500 curated nonbacterial toxin protein sequences were downloaded from a supplementary site [14]. This set of data was extracted from Swiss-Prot [15] by combined search using the Sequence Retrieval System. The search was performed along with the "BUT NOT" option, using two information fields: (i) Comment with query word "function," and (ii) Comment using "toxin" as query word retrieved protein sequences that were examined manually in order to eliminate toxin proteins. This dataset is treated as a true negative (TN) in HMM validation test.

HMM validation

Hmmscan program (protein sequence vs profile-HMM database) from the HMMER 3.0 package (, was used for searching non-toxin sequences (negative control), all downloaded VF genes (positive control) and AR genes (positive control) against toxin, VF, and AR HMM profiles respectively. Meanwhile, the hmmsearch program (profile-HMM vs protein sequence database) was used for searching toxin profiles against non-toxin protein sequences (-control). We set an E-value threshold (e value > 1e−5) for both hmmscan and hmmsearch programs.
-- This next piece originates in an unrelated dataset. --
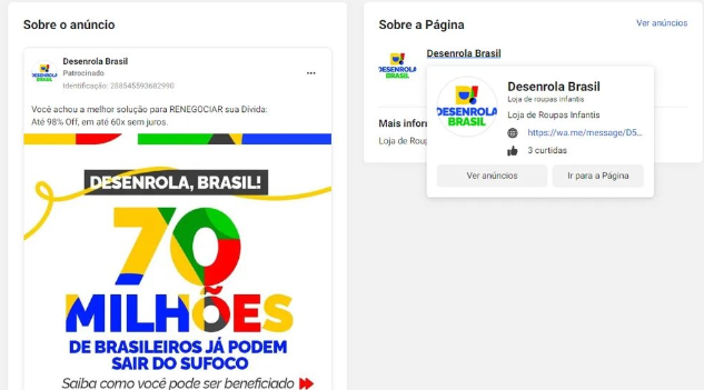Em alguns casos, os anúncios redirecionavam os usuários para sites que simulavam a consulta de elegibilidade ao programa. Esses sites fraudulentos pretendiam enganar as pessoas ao oferecer informações falsas sobre a possibilidade de participação no programa de renegociação de dívidas do governo federal. Além disso, outras publicidades direcionavam os usuários para atendimentos personalizados falsos no WhatsApp, visando aplicar golpes por meio de interações enganosas.

We developed a method to quickly identify protein families of interest with high sensitivity by reducing protein families to short, unique, highly representative hidden Markov model (SurHMM) profiles (Fig. 1). To create these HMM profiles, our approach uses two inputs in step (i): (1) a FASTA file of proteins-of-interest and (2) a comprehensive reference database of background protein sequences. The protein sequences of interest were first clustered by global sequence homology to identify protein families, with each family collapsed to form a single consensus sequence in step (ii). Regions of a family’s consensus sequence that share strong, local sequence homology (“overlaps”) with proteins outside of the family of interest are then penalized. Based on these overlaps, short peptide markers of non-overlaps were isolated from the consensus that best represent the protein family. ShortBRED classifies these markers into three groups: True Markers, which do not overlap with the other protein families, Junction Markers, which overlap partially with the other protein families, and Quasi Markers, which are completely overlapped by another protein family. ShortBRED keeps those True Markers and Junction Markers. All Quasi Markers will be discarded. In the step (v), we took these consensus sequences of True Markers and Junction Markers aligned with curated proteins-family-of-interest from the step (ii), then followed by constructing hidden Markov models using hmmbuild command and hmmpress command to prepare an HMM profile database in the step (vi). The hmmscan command was used to search user-submitted protein sequences or oligonucleotide sequences (after six-frame translation) against the HMM profile database in the step (vii). The HMM creation process only needs to be run once for a given set of proteins, resulting in a reusable and distributable HMM profile database (Table 1). Creating a highly specific profile HMM database has three major advantages: (i) profile searches allow us to detect those remote homologues, which typically only have protein sequences conserved at some critical residues, (ii) searches against this profile database are more accurate, as the exclusion of non-specific (overlap) regions reduces false positive hits, and (iii) the HMM process is also very quick, as the search space is considerably reduced relative to the full database.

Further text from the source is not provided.